** COLLECTED MATERIAL follows **

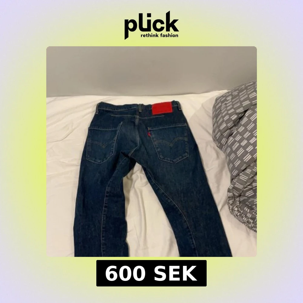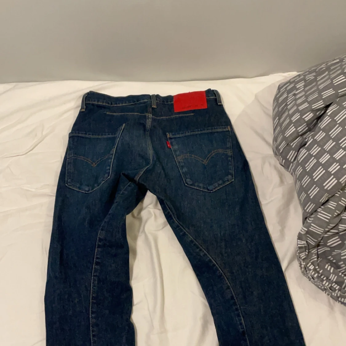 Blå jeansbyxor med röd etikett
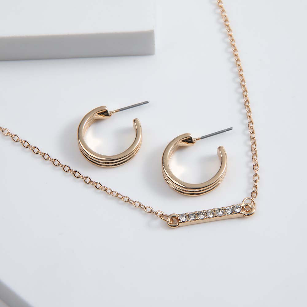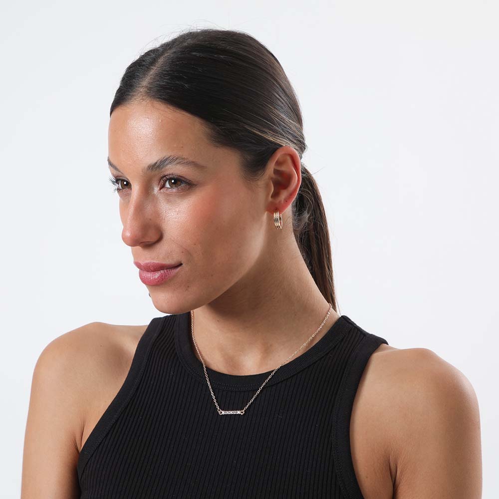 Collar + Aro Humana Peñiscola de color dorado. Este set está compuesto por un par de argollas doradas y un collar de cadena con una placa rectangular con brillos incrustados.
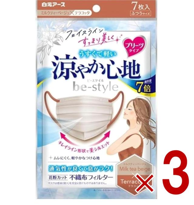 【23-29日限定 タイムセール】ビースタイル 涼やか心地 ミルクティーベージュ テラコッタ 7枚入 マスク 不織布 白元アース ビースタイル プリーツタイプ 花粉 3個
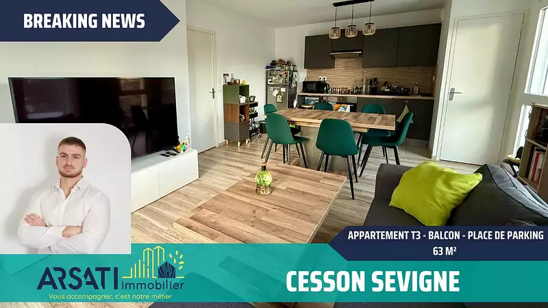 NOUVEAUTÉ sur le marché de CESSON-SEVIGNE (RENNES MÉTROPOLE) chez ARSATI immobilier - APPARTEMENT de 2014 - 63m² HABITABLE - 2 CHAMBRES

** End of COLLECTED MATERIAL **

● **WHAT YOU WILL DO**:
In the data above, start at the line holding "Collar + Aro" and stop after the line holding "プリーツタイプ 花粉 3個"; write out those lines exactly, without pictures.

● **SOLUTION TO THE PROBLEM**:
 Collar + Aro Humana Peñiscola de color dorado. Este set está compuesto por un par de argollas doradas y un collar de cadena con una placa rectangular con brillos incrustados.
 【23-29日限定 タイムセール】ビースタイル 涼やか心地 ミルクティーベージュ テラコッタ 7枚入 マスク 不織布 白元アース ビースタイル プリーツタイプ 花粉 3個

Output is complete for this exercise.